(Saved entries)
···

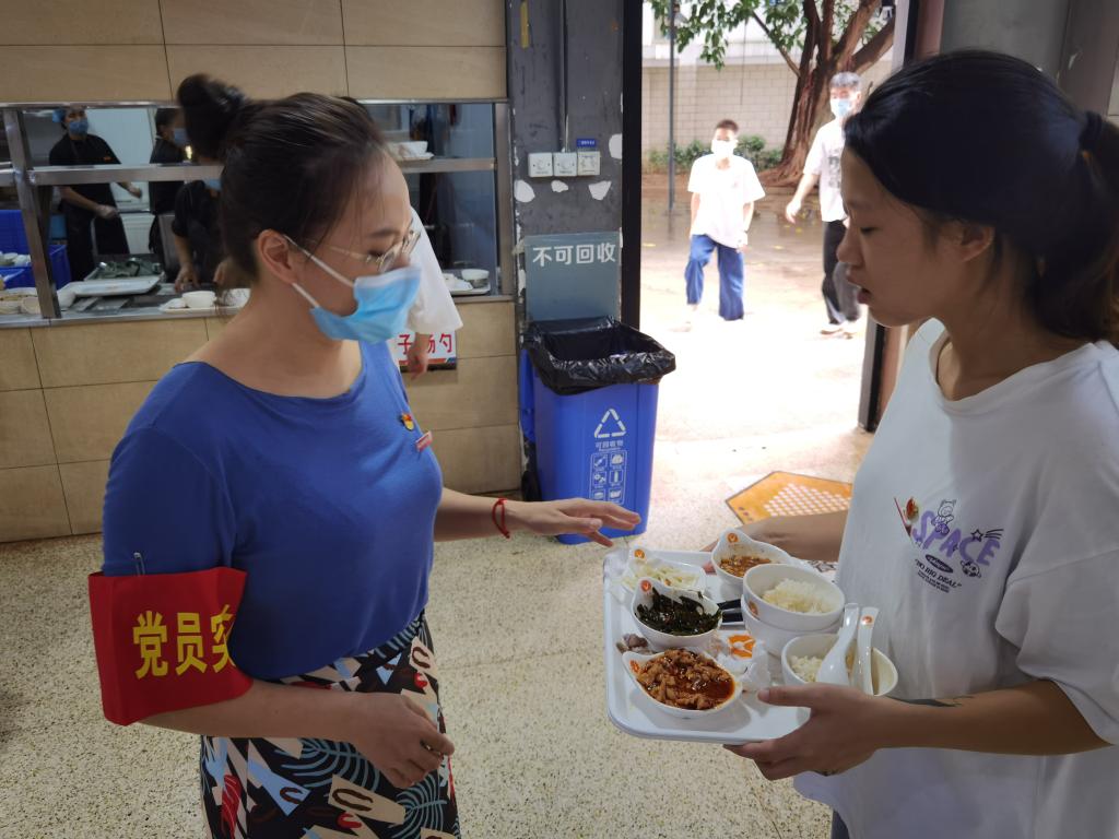 支部黨員在明湖餐廳監(jiān)督師生的節(jié)約用餐行為,在餐具回收區(qū)勸導(dǎo)師生按需取餐,積極倡導(dǎo)師生踐行光盤行動。此次愛糧節(jié)糧宣傳活動,提高了支部黨員節(jié)糧愛糧、厲行節(jié)約、反對浪費意識,也以實際行動踐行和傳播節(jié)糧愛糧的美好品質(zhì)。
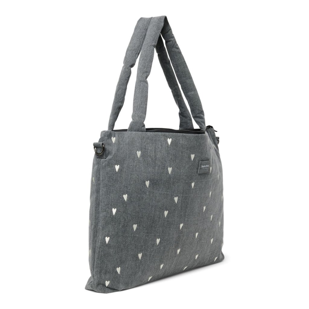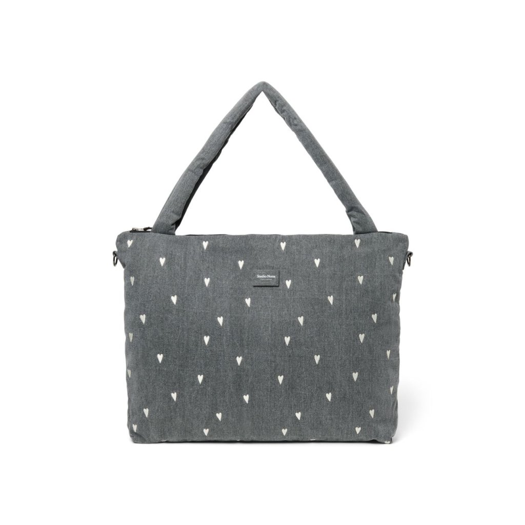 STUDIO NOOS - Denim DIAPER BAG - přebalovací taška | Grey Hearts
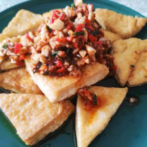 煎豆腐的油大火烧热倒入调料碗里,少用些油,喜欢醋的朋友可以加小点香醋。
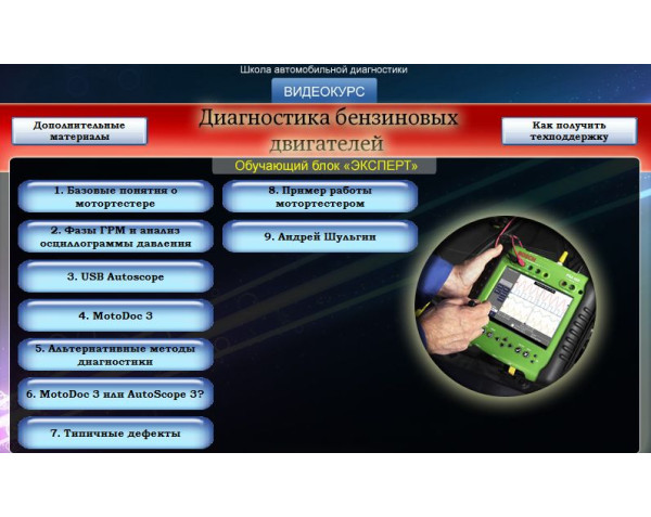 Відеокурс Олексія Пахомова "Діагностика бензинових двигунів. Експерт". Цей відеокурс створений для професіоналів та ентузіастів, які прагнуть поглибити свої знання в діагностиці бензинових двигунів. Курс допоможе освоїти роботу з мотортестерами, аналізувати сигнали та ефективно виявляти несправності.
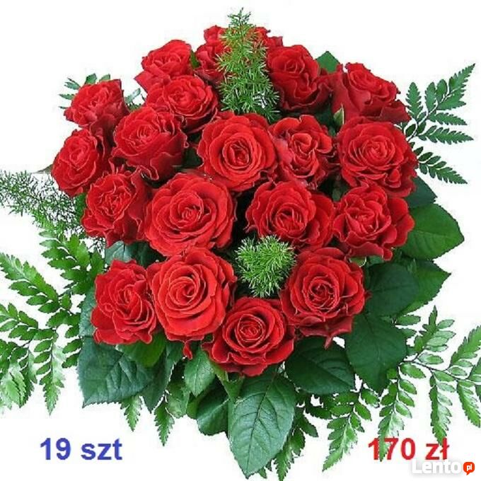 BUKIET 19 CZERWONYCH RÓŻ.CENA TYLKO 170 zł z dostawą lub 11 szt TYLKO 100 zł z dostawą
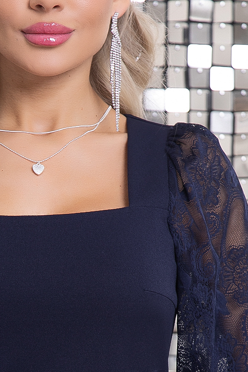 - Платье из трикотажного полотна с вырезом каре и рукавами из кружева.
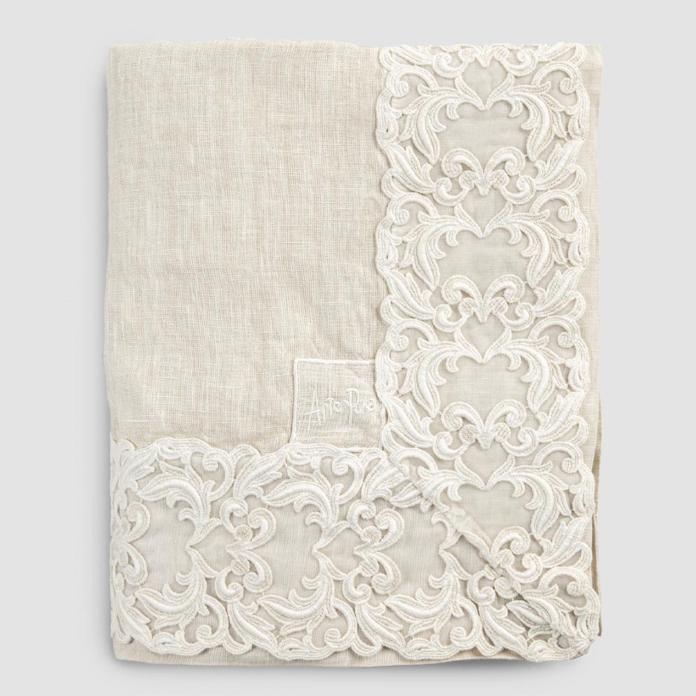 Tovaglia in lino con pizzo farnese rettangolare, articolo pregiato made in Italy.
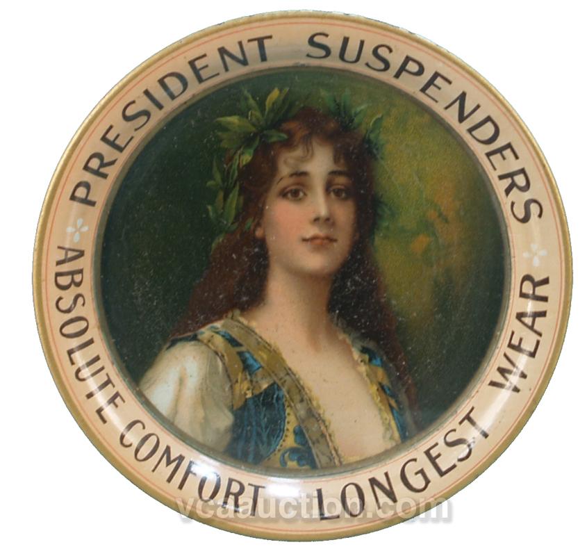 President Suspenders Tin Tip Tray, "Absolute Comfort - Longest Wear" in excellent condition - 4" diam
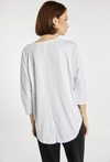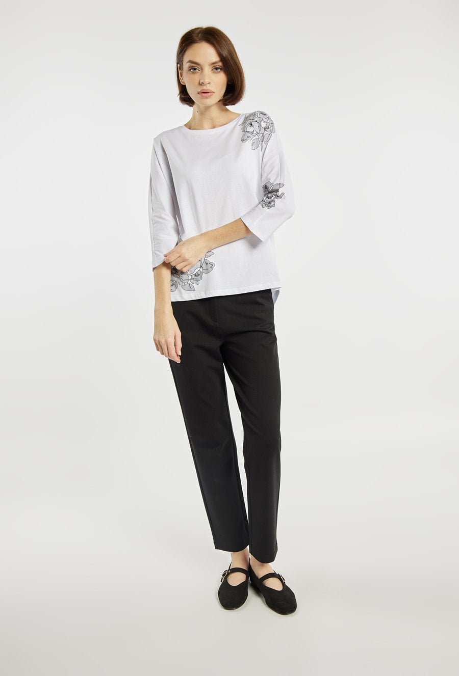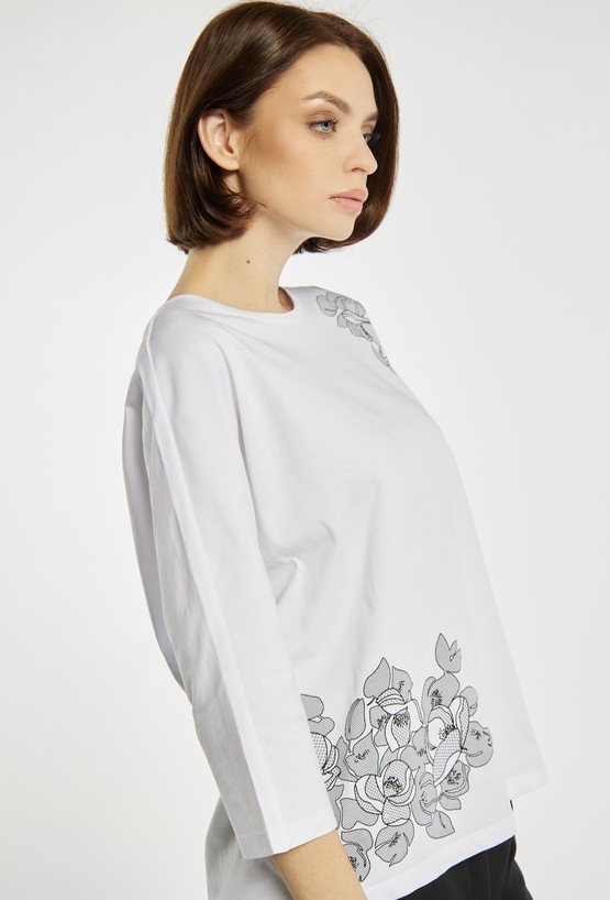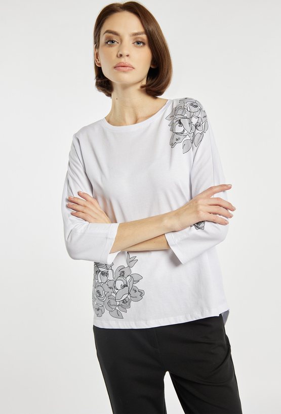 T-shirt o luźnym kroju z rękawem 3/4 wyróżnia się dekoracyjnym, roślinnym nadrukiem umieszczonym asymetrycznie, który nadaje całości subtelnego, kobiecego charakteru. Model idealny na co dzień, łatwy do zestawienia zarówno ze spodniami, jak i spódnicą. Modelka na zdjęciu ma 177 cm wzrostu i prezentuje rozmiar S.
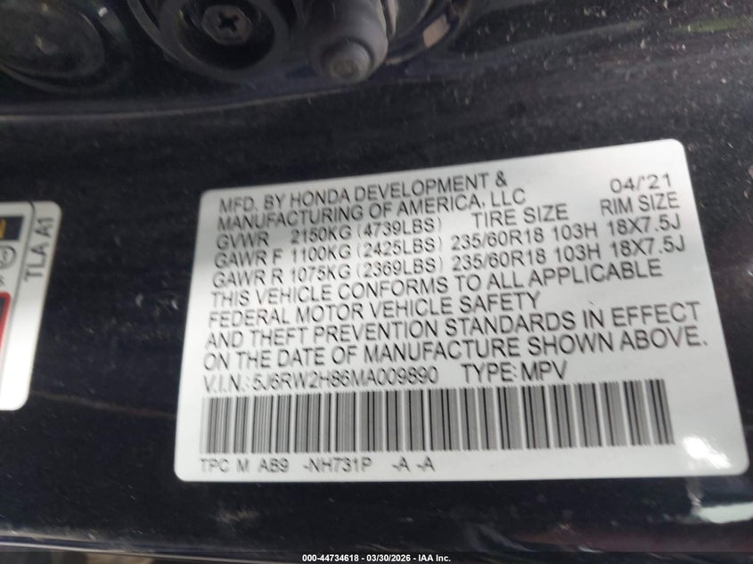 • 5J6RW2H86MA009890
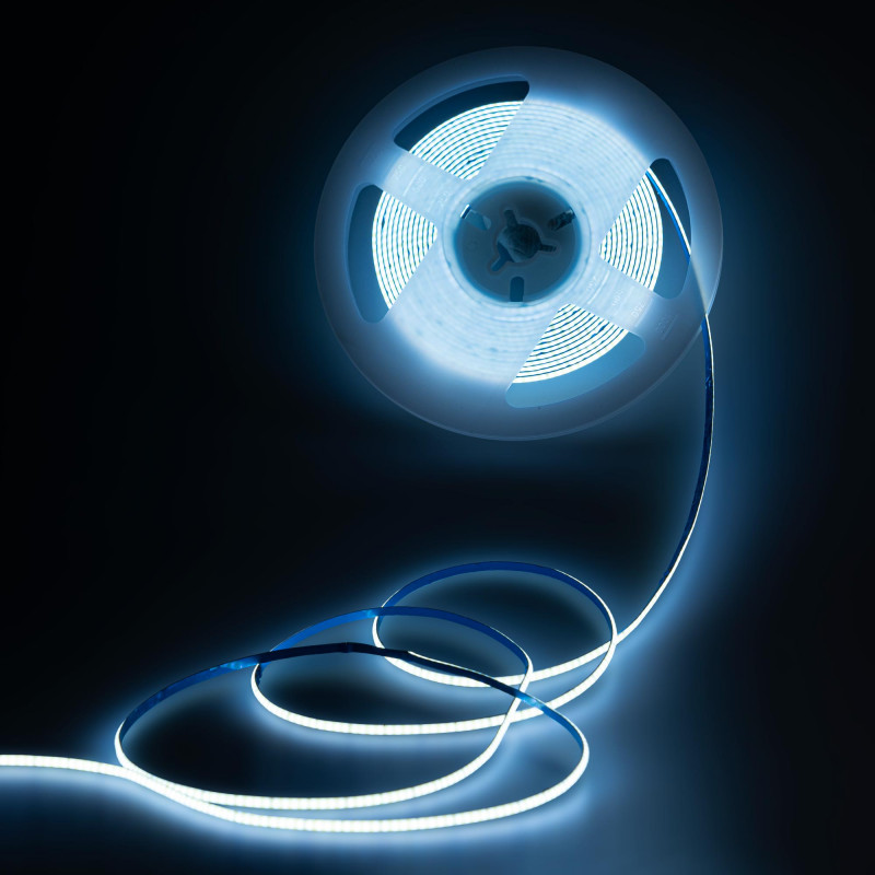 Der COB 24V DC LED-Streifen zeichnet sich durch seine helle und gleichmäßige Ausleuchtung aus, ohne Schatten oder sichtbare Lichtflecken, im Gegensatz zu herkömmlichen LED-Streifen.

···

Return exactly the lines that appear in the data above between the line containing "Відеокурс Олексія Пахомова" and the line containing "President Suspenders Tin", both of which are included, and leave the pictures out.

**Solution to the problem:**
 Відеокурс Олексія Пахомова "Діагностика бензинових двигунів. Експерт". Цей відеокурс створений для професіоналів та ентузіастів, які прагнуть поглибити свої знання в діагностиці бензинових двигунів. Курс допоможе освоїти роботу з мотортестерами, аналізувати сигнали та ефективно виявляти несправності.
 BUKIET 19 CZERWONYCH RÓŻ.CENA TYLKO 170 zł z dostawą lub 11 szt TYLKO 100 zł z dostawą
 - Платье из трикотажного полотна с вырезом каре и рукавами из кружева.
 Tovaglia in lino con pizzo farnese rettangolare, articolo pregiato made in Italy.
 President Suspenders Tin Tip Tray, "Absolute Comfort - Longest Wear" in excellent condition - 4" diam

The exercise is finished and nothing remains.